◆ **YOUR INSTRUCTIONS**:
Only the lines below from the one containing "Design Plus Gallery" through the one containing "Te wyjątkowe kolczyki" belong in the answer, repeated exactly and without pictures.

◆ **SUPPLIED MATERIAL**:
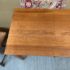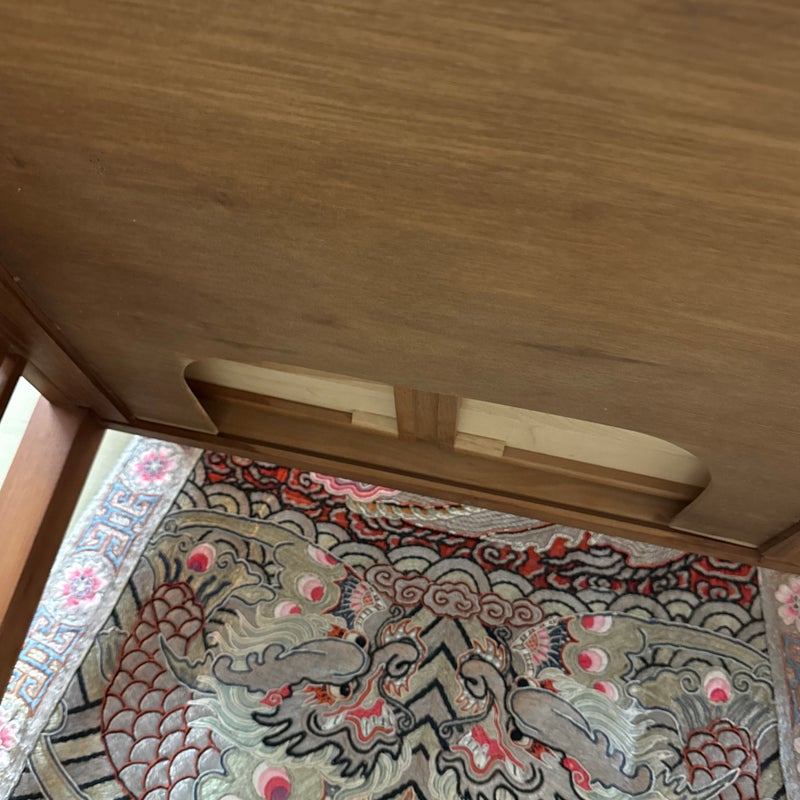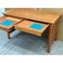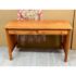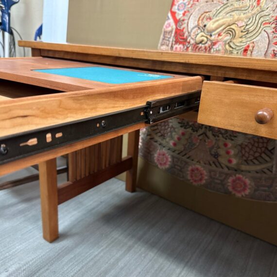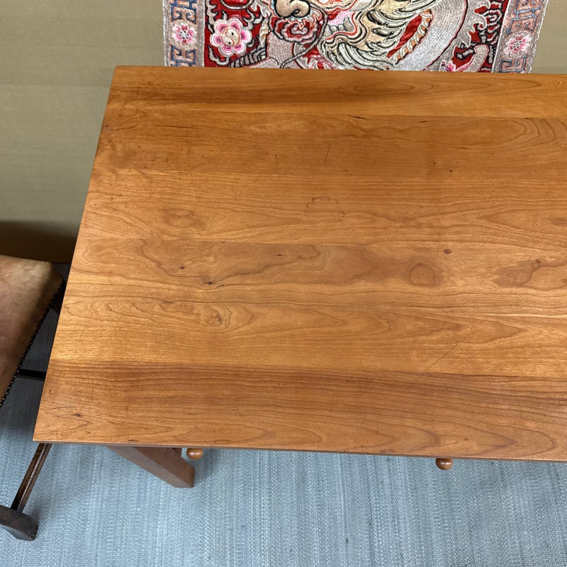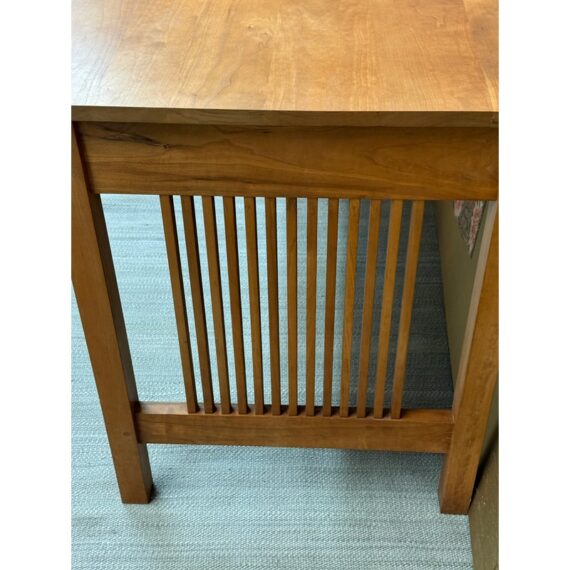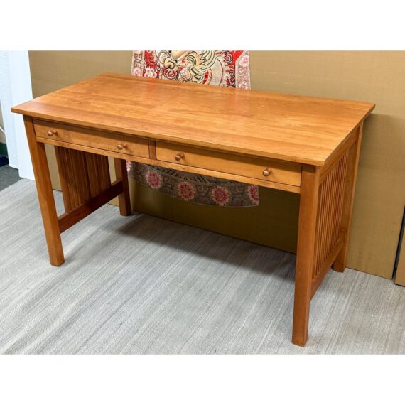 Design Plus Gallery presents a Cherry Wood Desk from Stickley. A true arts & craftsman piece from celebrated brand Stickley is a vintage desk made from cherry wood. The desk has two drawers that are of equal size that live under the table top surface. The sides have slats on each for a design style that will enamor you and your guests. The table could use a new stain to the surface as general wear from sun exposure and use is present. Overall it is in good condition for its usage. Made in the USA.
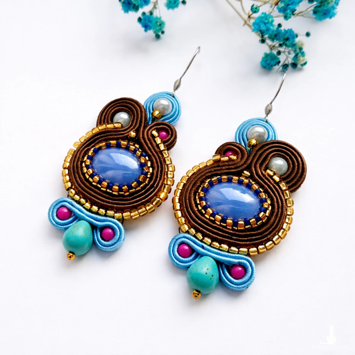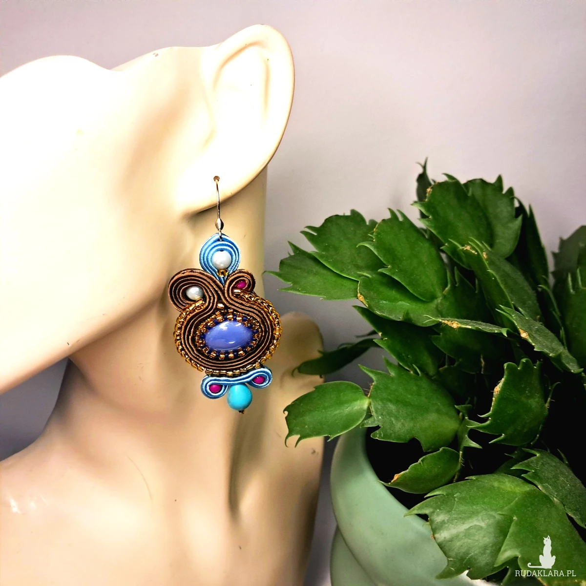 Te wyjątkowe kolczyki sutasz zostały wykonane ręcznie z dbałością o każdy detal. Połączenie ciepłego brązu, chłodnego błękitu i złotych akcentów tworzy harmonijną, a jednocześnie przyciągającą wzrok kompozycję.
---
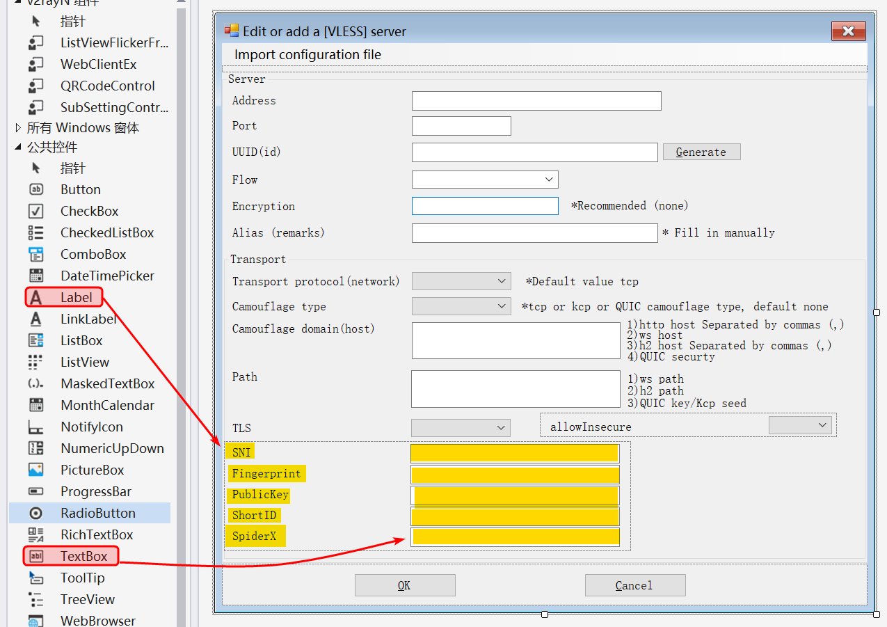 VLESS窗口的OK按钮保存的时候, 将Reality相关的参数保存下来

◆ **TASK OUTPUT**:
 Design Plus Gallery presents a Cherry Wood Desk from Stickley. A true arts & craftsman piece from celebrated brand Stickley is a vintage desk made from cherry wood. The desk has two drawers that are of equal size that live under the table top surface. The sides have slats on each for a design style that will enamor you and your guests. The table could use a new stain to the surface as general wear from sun exposure and use is present. Overall it is in good condition for its usage. Made in the USA.
 Te wyjątkowe kolczyki sutasz zostały wykonane ręcznie z dbałością o każdy detal. Połączenie ciepłego brązu, chłodnego błękitu i złotych akcentów tworzy harmonijną, a jednocześnie przyciągającą wzrok kompozycję.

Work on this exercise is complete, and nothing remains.